Our results indicate that the COL1A1 rs2075555 polymorphism may not affect susceptibility to high myopia.

Keywords: collagen type I alpha 1, polymorphism, high myopia, Meta-analysis

INTRODUCTION

Myopia is a common eye disorder that has been widely studied in recent years[1][3], particularly because of its increasing prevalence across populations worldwide[4]. According to epidemiological evidence, the incidence of myopia is increasing, especially in East Asia[3],[5][6]. Previous studies have indicated that the greatest contributor to myopic refraction is the axial length[7], and when the elongation of the eyeball is excessive, high myopia occurs. High myopia is an extreme form of myopia that is characterized by a spherical equivalent of less than -6.00 diopters or an axial length greater than 26 mm. Many serious complications are associated with high myopia, including retinal detachment, glaucoma, cataracts, macular degeneration, and scleral staphyloma[8]. High myopia is one of the major causes of blindness in many countries and is an important public health problem worldwide[9].
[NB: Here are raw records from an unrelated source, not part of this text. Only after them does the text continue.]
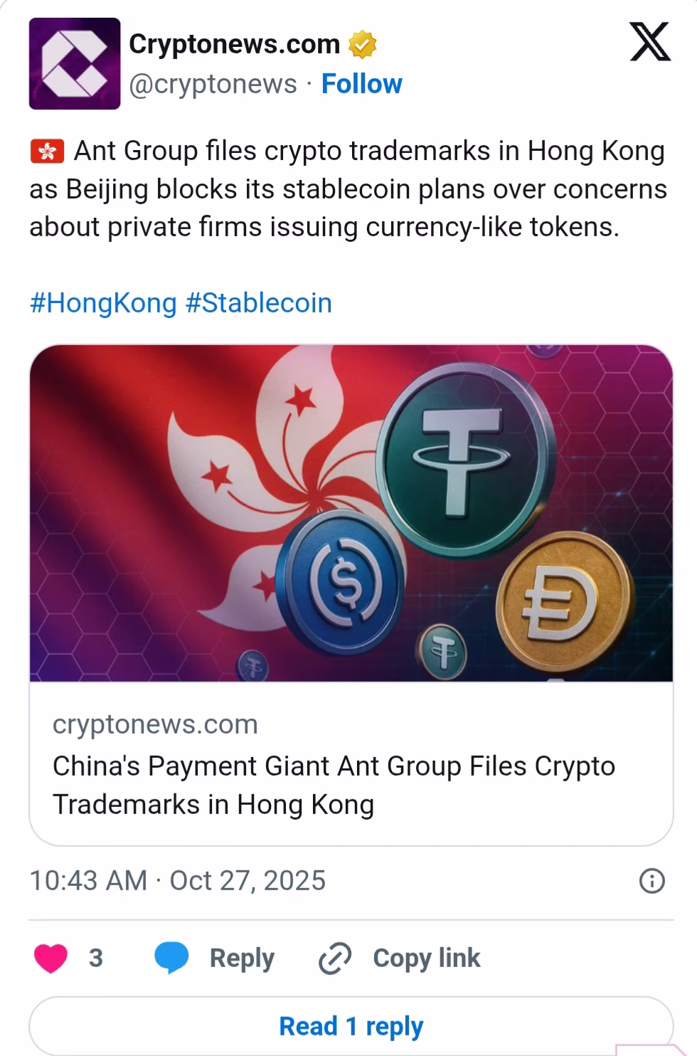 Following mid October directives from the PBoC and the Cyberspace Administration of China, Ant Group and JD.com halted their Hong Kong stablecoin issuance plans. Officials reminded companies that only the state may issue currency warning that private stablecoin ventures could facilitate crypto money laundering schemes.
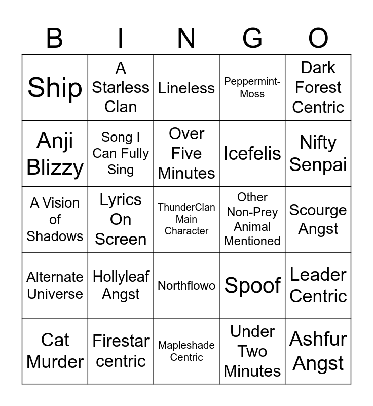 This bingo card has a free space and 24 words: Hollyleaf Angst, Firestar centric, Over Five Minutes, Cat Murder, Dark Forest Centric, Ship, Anji Blizzy, A Starless Clan, Other Non-Prey Animal Mentioned, Northflowo, Icefelis, A Vision of Shadows, Spoof, Leader Centric, Song I Can Fully Sing, Under Two Minutes, Scourge Angst, Lineless, Nifty Senpai, Lyrics On Screen, Ashfur Angst, Alternate Universe, Peppermint-Moss and Mapleshade Centric.
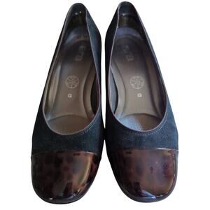 Ara Luftpolster Black Suede 2.25" Chunky Heel Pumps Tortoise Shell Toe Size 6.5
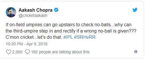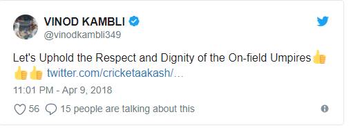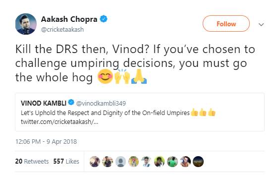 आकाश चोपड़ा ने गलत नोबॉल की समीक्षा का मुद्दा उठाते हुए ट्वीट करते हुए कहा-अगर फील्ड अंपायर नो बॉल का पता लगाने के लिए ऊपर जा सकते हैं तो फिर थर्ड अंपायर गलत तरह से नो बॉल दिए जाने पर गलती सुधार क्यों नहीं सकते?। आकाश चोपड़ा के इस ट्वीट पर तंज कसते हुए पूर्व क्रिकेटर विनोद कांबली ने लिखा-चलो फील्ड अंपायर्स के लिए रेस्पेक्ट तो बढ़ा। बहस यही नहीं खत्म हुई बल्कि आकाश चोपड़ा ने एक और ट्वीट कर विनोद कांबली को जवाब दिया।

Unfortunately, the pathogenesis of high myopia remains unclear. Although environmental factors such as near work, higher educational levels, and poor economic development levels have been implicated in the occurrence of high myopia[10][11], they cannot explain all cases. However, many studies suggest that genetic factors may be responsible for high myopia[12][14]. Recent reports have demonstrated that interactions of multiple genetic and environmental factors may contribute to the development of high myopia[15][16], and several genes have been confirmed to have an association with susceptibility to high myopia[12],[14],[17][19]. However, other studies have not been able to replicate the original findings for these genes[20][22]. In particular, the collagen type I alpha 1 (COL1A1) gene has been studied.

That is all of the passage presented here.